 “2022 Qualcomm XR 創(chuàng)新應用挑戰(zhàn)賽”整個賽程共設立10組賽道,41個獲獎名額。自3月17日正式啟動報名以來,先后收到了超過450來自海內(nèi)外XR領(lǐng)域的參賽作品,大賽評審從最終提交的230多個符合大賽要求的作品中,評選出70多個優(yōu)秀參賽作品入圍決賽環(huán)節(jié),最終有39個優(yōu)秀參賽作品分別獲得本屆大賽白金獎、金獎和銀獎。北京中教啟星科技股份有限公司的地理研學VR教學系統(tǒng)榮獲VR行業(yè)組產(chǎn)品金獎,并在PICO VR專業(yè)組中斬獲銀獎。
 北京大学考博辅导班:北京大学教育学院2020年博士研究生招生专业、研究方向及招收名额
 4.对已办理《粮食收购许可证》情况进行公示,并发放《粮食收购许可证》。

- - -

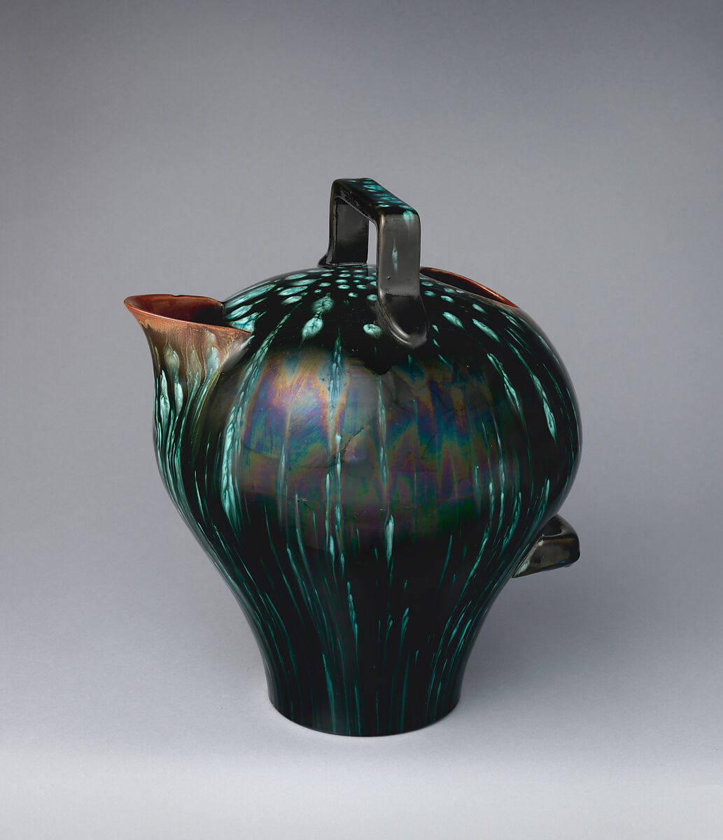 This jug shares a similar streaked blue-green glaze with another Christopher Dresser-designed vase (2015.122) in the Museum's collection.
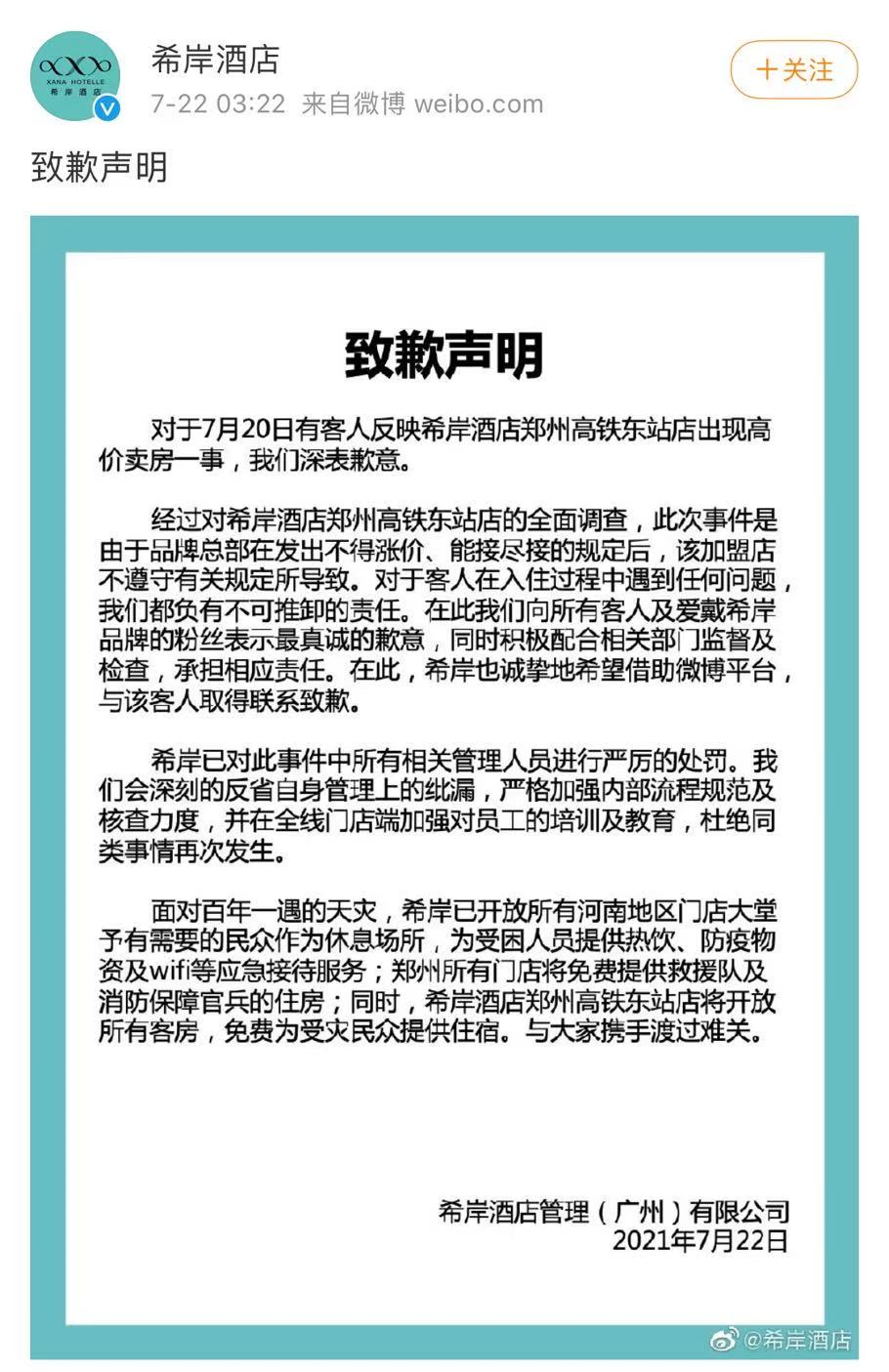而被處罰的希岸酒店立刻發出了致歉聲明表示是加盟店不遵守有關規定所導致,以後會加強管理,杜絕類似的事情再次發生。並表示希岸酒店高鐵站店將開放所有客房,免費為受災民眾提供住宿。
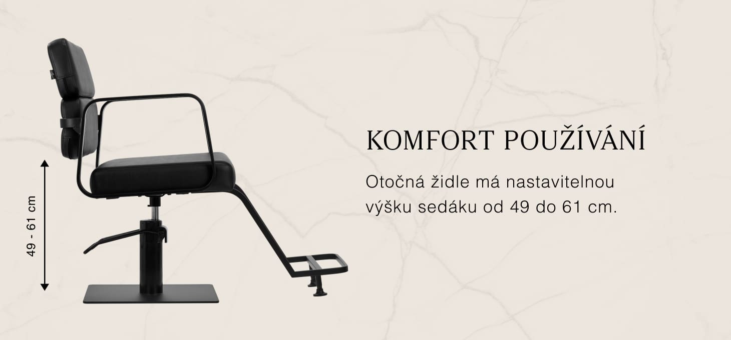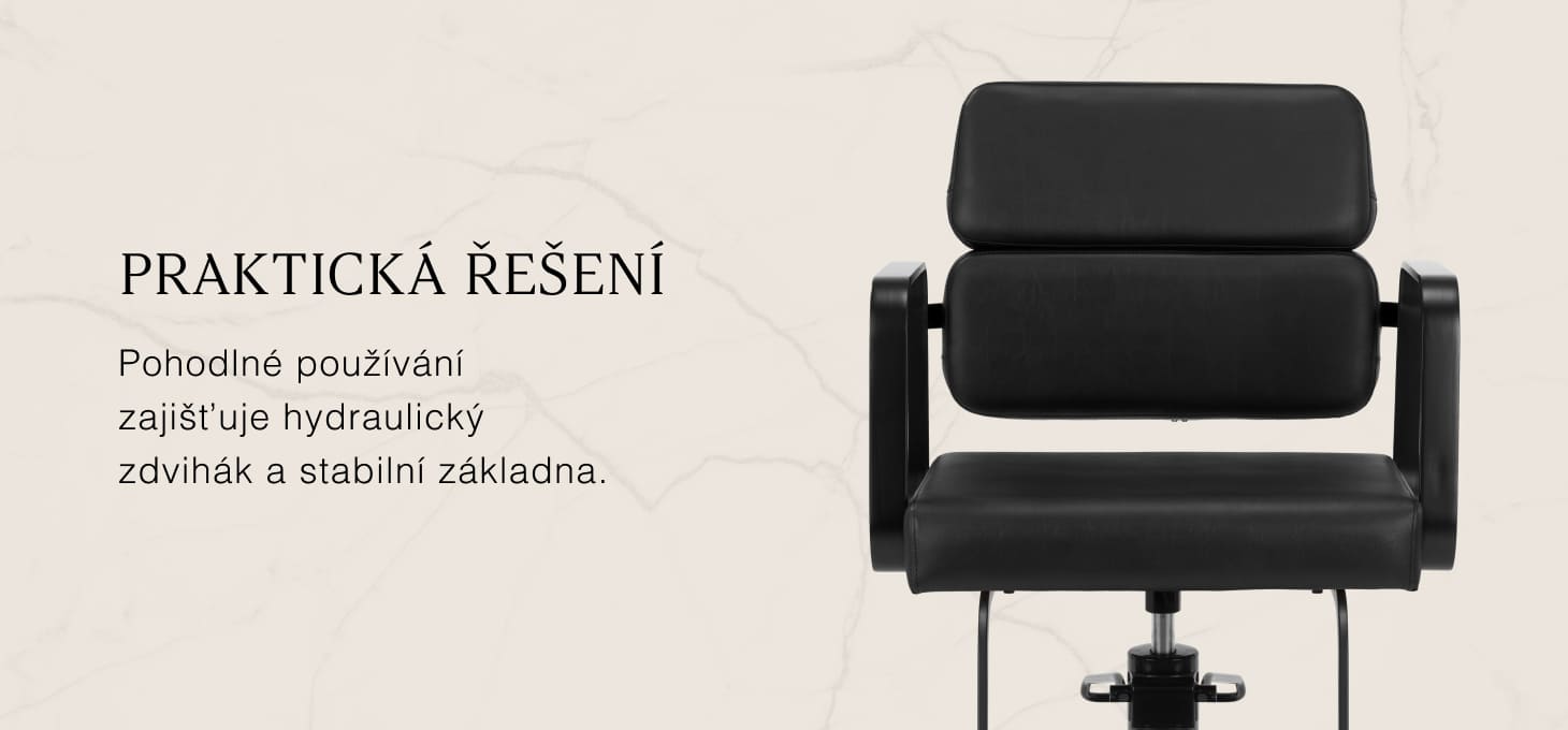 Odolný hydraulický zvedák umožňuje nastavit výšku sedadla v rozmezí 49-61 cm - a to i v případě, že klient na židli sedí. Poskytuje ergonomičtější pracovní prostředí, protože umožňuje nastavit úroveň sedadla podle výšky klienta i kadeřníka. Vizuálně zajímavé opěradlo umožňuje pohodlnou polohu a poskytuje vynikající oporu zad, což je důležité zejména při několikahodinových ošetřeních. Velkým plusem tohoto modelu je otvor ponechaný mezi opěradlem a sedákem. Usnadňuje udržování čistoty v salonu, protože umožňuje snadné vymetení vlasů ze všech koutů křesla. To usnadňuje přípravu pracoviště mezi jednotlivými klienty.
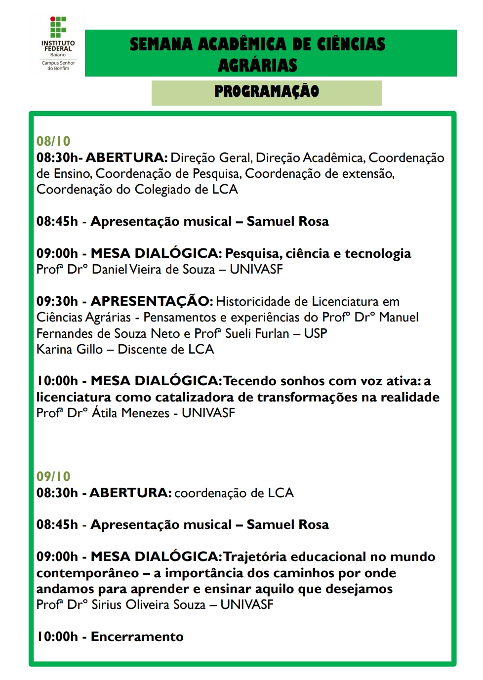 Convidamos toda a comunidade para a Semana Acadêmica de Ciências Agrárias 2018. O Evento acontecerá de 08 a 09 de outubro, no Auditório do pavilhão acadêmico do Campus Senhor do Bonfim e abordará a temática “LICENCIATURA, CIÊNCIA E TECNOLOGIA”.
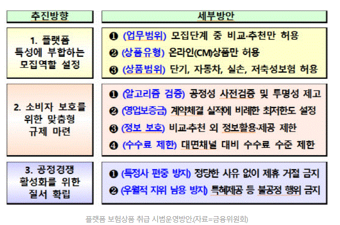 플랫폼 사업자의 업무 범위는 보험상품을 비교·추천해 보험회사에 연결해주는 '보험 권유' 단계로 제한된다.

- - -

What you need to do
Pictures excluded, give again exactly and only the lines of the material above from the line with "Convidamos toda a" through the line with "플랫폼 사업자의 업무".

Task answer
 Convidamos toda a comunidade para a Semana Acadêmica de Ciências Agrárias 2018. O Evento acontecerá de 08 a 09 de outubro, no Auditório do pavilhão acadêmico do Campus Senhor do Bonfim e abordará a temática “LICENCIATURA, CIÊNCIA E TECNOLOGIA”.
 플랫폼 사업자의 업무 범위는 보험상품을 비교·추천해 보험회사에 연결해주는 '보험 권유' 단계로 제한된다.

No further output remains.